Data provided —
[Start of Attachment]
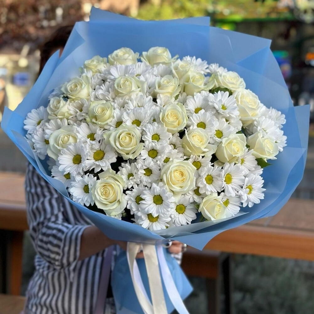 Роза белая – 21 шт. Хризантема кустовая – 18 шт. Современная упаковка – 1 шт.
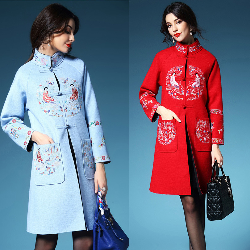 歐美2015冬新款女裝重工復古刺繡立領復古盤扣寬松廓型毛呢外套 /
[End of Attachment]
[Start of Attachment]
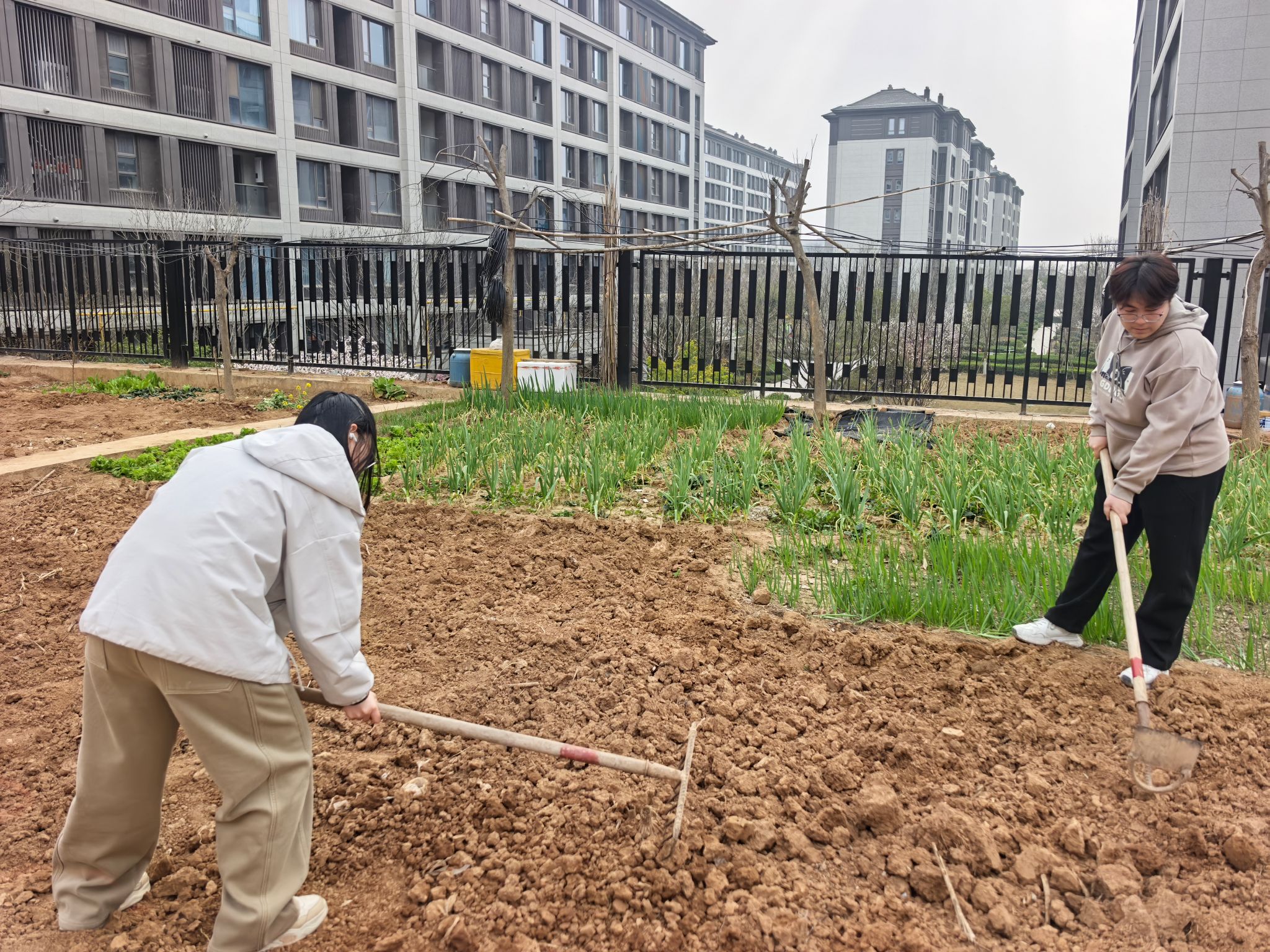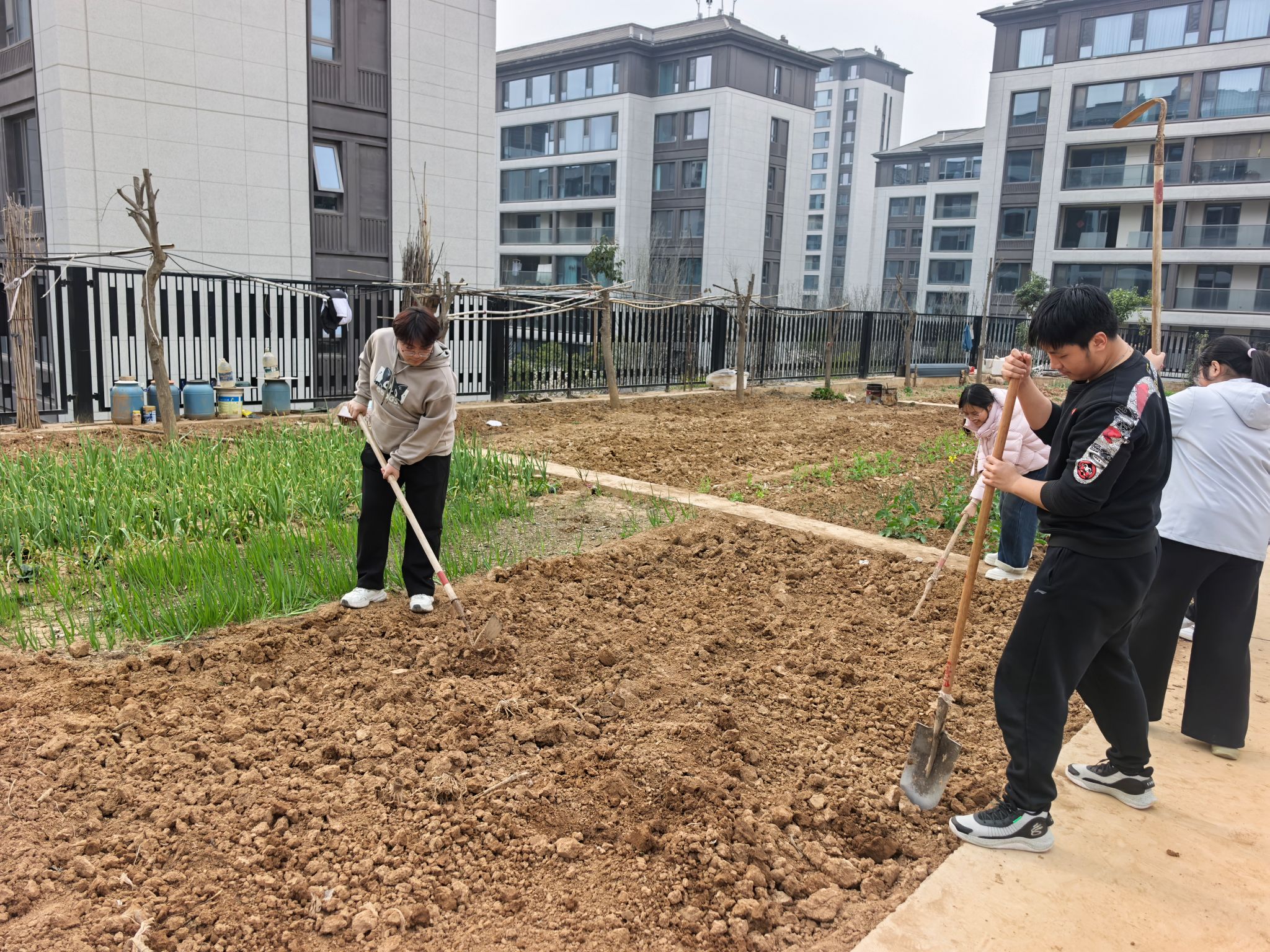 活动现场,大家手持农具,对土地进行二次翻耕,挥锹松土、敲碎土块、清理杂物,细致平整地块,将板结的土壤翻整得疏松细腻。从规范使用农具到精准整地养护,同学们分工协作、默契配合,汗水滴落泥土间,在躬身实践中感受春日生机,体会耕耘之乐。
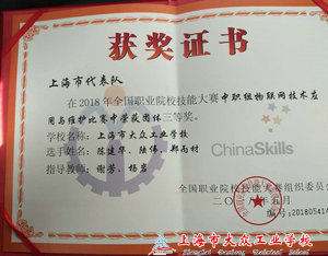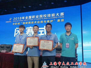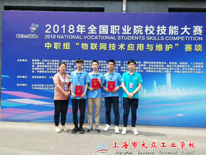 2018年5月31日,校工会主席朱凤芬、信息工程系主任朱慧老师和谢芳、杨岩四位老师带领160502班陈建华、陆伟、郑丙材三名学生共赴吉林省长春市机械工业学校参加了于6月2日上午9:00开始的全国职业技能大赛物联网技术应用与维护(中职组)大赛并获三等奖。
[End of Attachment]
[Start of Attachment]
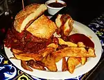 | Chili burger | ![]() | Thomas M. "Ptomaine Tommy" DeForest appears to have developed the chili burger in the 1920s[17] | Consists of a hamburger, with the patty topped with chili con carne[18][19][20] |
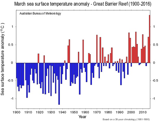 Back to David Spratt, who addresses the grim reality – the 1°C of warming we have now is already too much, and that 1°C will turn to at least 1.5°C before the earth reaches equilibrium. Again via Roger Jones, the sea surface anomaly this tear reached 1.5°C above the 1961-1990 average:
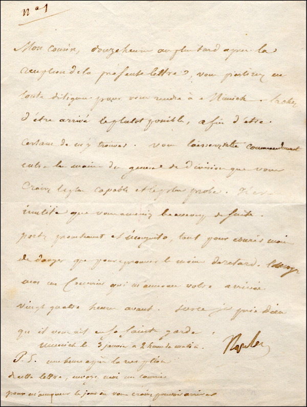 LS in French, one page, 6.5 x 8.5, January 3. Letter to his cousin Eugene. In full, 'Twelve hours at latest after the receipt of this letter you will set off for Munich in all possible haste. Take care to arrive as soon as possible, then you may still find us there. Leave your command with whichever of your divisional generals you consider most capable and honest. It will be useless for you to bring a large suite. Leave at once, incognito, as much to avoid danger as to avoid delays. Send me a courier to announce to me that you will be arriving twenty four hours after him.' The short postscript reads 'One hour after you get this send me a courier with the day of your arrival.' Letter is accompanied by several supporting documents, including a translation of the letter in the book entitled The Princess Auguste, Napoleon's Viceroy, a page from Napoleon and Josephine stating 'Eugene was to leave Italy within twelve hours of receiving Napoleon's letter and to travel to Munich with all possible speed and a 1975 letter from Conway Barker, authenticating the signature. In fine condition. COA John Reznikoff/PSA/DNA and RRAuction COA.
[End of Attachment]
What this task involves — Would you restate, exactly and with no pictures, the lines of the entries above from the one containing "活动现场,大家手持农具,对土" through the one containing "2018年5月31日,校工会"?

Answer section —
 活动现场,大家手持农具,对土地进行二次翻耕,挥锹松土、敲碎土块、清理杂物,细致平整地块,将板结的土壤翻整得疏松细腻。从规范使用农具到精准整地养护,同学们分工协作、默契配合,汗水滴落泥土间,在躬身实践中感受春日生机,体会耕耘之乐。
 2018年5月31日,校工会主席朱凤芬、信息工程系主任朱慧老师和谢芳、杨岩四位老师带领160502班陈建华、陆伟、郑丙材三名学生共赴吉林省长春市机械工业学校参加了于6月2日上午9:00开始的全国职业技能大赛物联网技术应用与维护(中职组)大赛并获三等奖。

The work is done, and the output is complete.